• _About this exercise_
Your task is to restate word for word the lines in the material below, from the one with "Series: Silsilat al-Asrār" up to and including the one with "1999. - 1 сент.". Do not carry over the pictures.

• _Supplied records_
◆ ◆ ◆ ◆

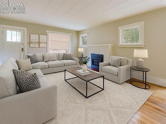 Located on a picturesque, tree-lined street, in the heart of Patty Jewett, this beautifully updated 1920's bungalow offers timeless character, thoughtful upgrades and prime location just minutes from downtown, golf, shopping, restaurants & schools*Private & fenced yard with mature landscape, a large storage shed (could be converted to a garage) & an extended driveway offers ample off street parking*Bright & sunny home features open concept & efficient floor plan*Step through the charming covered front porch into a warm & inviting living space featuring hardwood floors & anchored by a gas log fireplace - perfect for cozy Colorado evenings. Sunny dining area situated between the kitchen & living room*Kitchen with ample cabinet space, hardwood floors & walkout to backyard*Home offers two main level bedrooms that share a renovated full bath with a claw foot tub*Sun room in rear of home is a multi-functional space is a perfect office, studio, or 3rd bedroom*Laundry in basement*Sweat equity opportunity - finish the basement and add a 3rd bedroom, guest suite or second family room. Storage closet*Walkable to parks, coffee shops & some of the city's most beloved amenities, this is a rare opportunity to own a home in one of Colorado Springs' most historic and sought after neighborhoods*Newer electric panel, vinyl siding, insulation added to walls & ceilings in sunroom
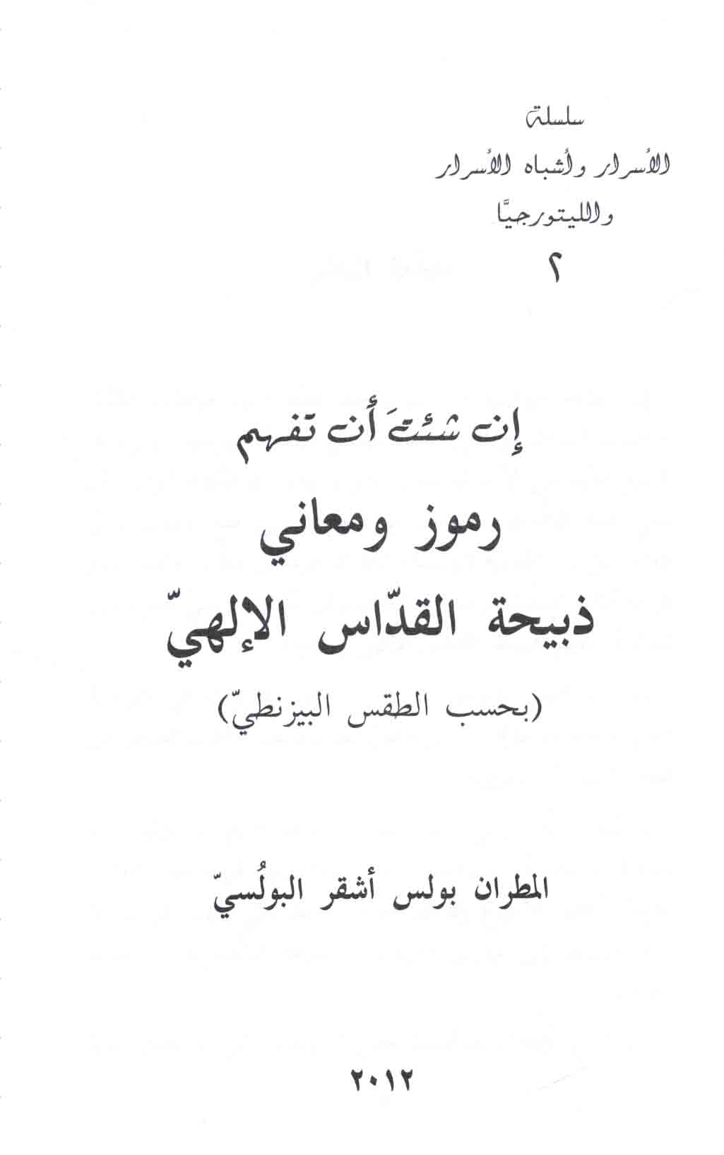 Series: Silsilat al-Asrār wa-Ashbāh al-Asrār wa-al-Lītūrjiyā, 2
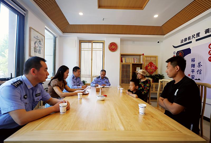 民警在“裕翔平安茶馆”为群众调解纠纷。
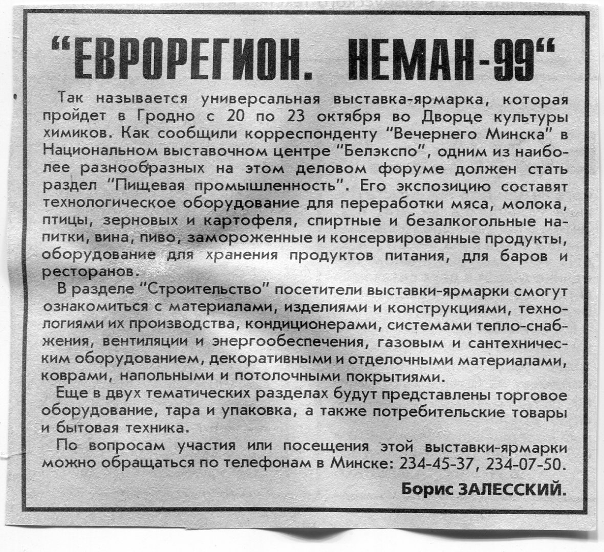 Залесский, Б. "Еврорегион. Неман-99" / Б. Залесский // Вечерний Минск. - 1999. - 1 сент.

◆ ◆ ◆ ◆

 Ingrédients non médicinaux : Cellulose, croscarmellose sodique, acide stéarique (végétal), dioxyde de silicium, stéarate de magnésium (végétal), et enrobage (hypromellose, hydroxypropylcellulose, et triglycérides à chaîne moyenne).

◆ ◆ ◆ ◆

• _Your response_
 Series: Silsilat al-Asrār wa-Ashbāh al-Asrār wa-al-Lītūrjiyā, 2
 民警在“裕翔平安茶馆”为群众调解纠纷。
 Залесский, Б. "Еврорегион. Неман-99" / Б. Залесский // Вечерний Минск. - 1999. - 1 сент.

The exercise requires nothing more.